Is there any kind of bit operation or arithmetical trick that would allow me to do something like integerWhichCouldOnlyHaveAValueOfZeroOrOne == 0 ? otherIntegerWhichCouldOnlyHaveAValueOfZeroOrOne == 0 ? 0 : 1 : 2 without so many expensive conditionals?

    Sheldor (talk)16:20, 25 June 2013

    Like this?

    integerWhichCouldOnlyHaveAValueOfZeroOrOne | otherIntegerWhichCouldOnlyHaveAValueOfZeroOrOne + integerWhichCouldOnlyHaveAValueOfZeroOrOne

      MN (talk)18:02, 25 June 2013

      Yes, I think that would work.

      Thanks

        Sheldor (talk)18:58, 25 June 2013
         

        If there is no possibility that integerWhichCouldOnlyHaveAValueOfZeroOrOne == 1 and otherIntegerWhichCouldOnlyHaveAValueOfZeroOrOne == 0, or if you don't care, then a simple addition would work.

          Skilgannon (talk)19:59, 25 June 2013

          There is a chance that the first and second integers would add up to 1 in two different scenarios. I do care to avoid this because I was planning to use this in VCS segmentation. It would not be prudent to represent two very different situations by the same segment.

            Sheldor (talk)20:29, 25 June 2013

            If you're using it for wall segmentation, it should be fine just adding.
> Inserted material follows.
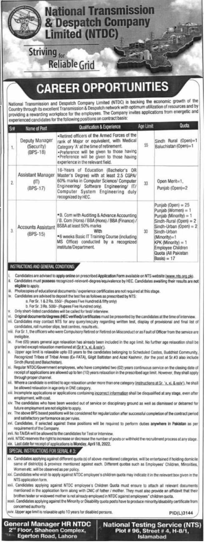 Vacant posts including accounts assistant, assistant manager it and deputy manager security are announced in National Transmission and Despatch Company NTDC Lahore, lahore Punjab Pakistan as per 3 April 2022 advertisement in daily Daily Pakistan Newspaper. Candidates with Master and Bachelor etc. educational background will be preferred.
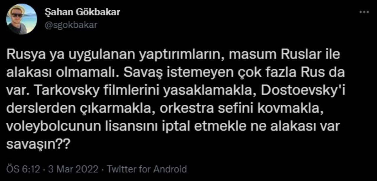 "Rusya'ya uygulanan yaptırımların, masum Ruslar ile alakası olmamalı. Savaş istemeyen çok fazla Rus da var. Tarkovski filmlerini yasaklamakla, Dostoyevski'yi derslerden çıkarmakla, orkestra şefini kovmakla, voleybolcunun lisansını iptal etmekle ne alakası var savaşın??"

The chances of the closer one being triggered but not the further is quite rare (although it can happen, I admit).

              Skilgannon (talk)21:03, 25 June 2013

              If both wall checks be either 1 or 0 at the same time a vast majority of the time, what's the point of even having a second wall check?

                Sheldor (talk)21:41, 25 June 2013

                Hang on, is this two forward wall checks, or one forward and one reverse?
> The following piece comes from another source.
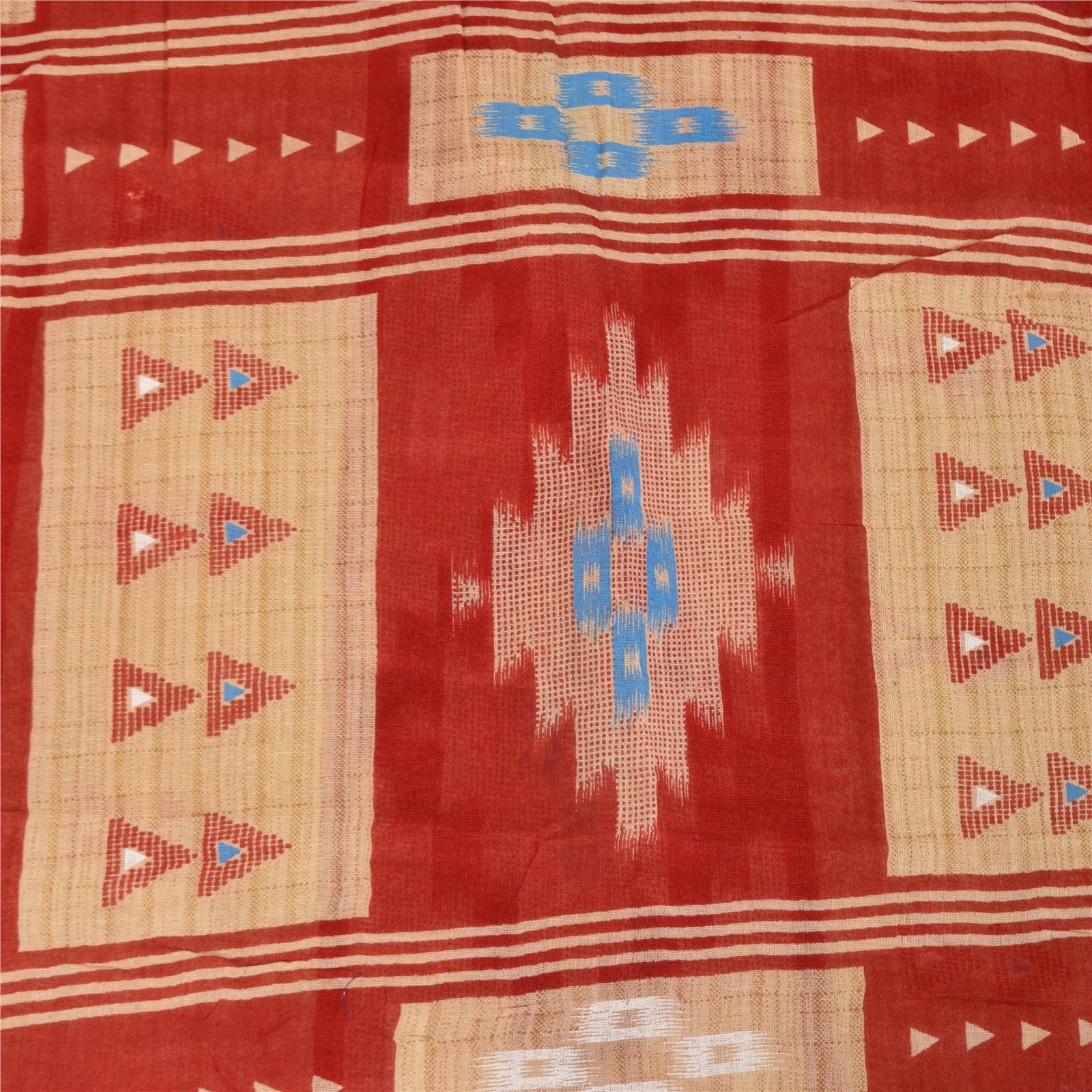 Sanskriti Vintage Sarees Peach/Red Pure Cotton Ikat Printed Sari 5+yd Sustainable Fabric

                I was thinking two forward, where obviously the check which extends further will also be triggered in 99% of cases where the one that extends less is triggered.

                If this is one forward, one reverse then I think they should actually be in different segments.

                  Skilgannon (talk)21:47, 25 June 2013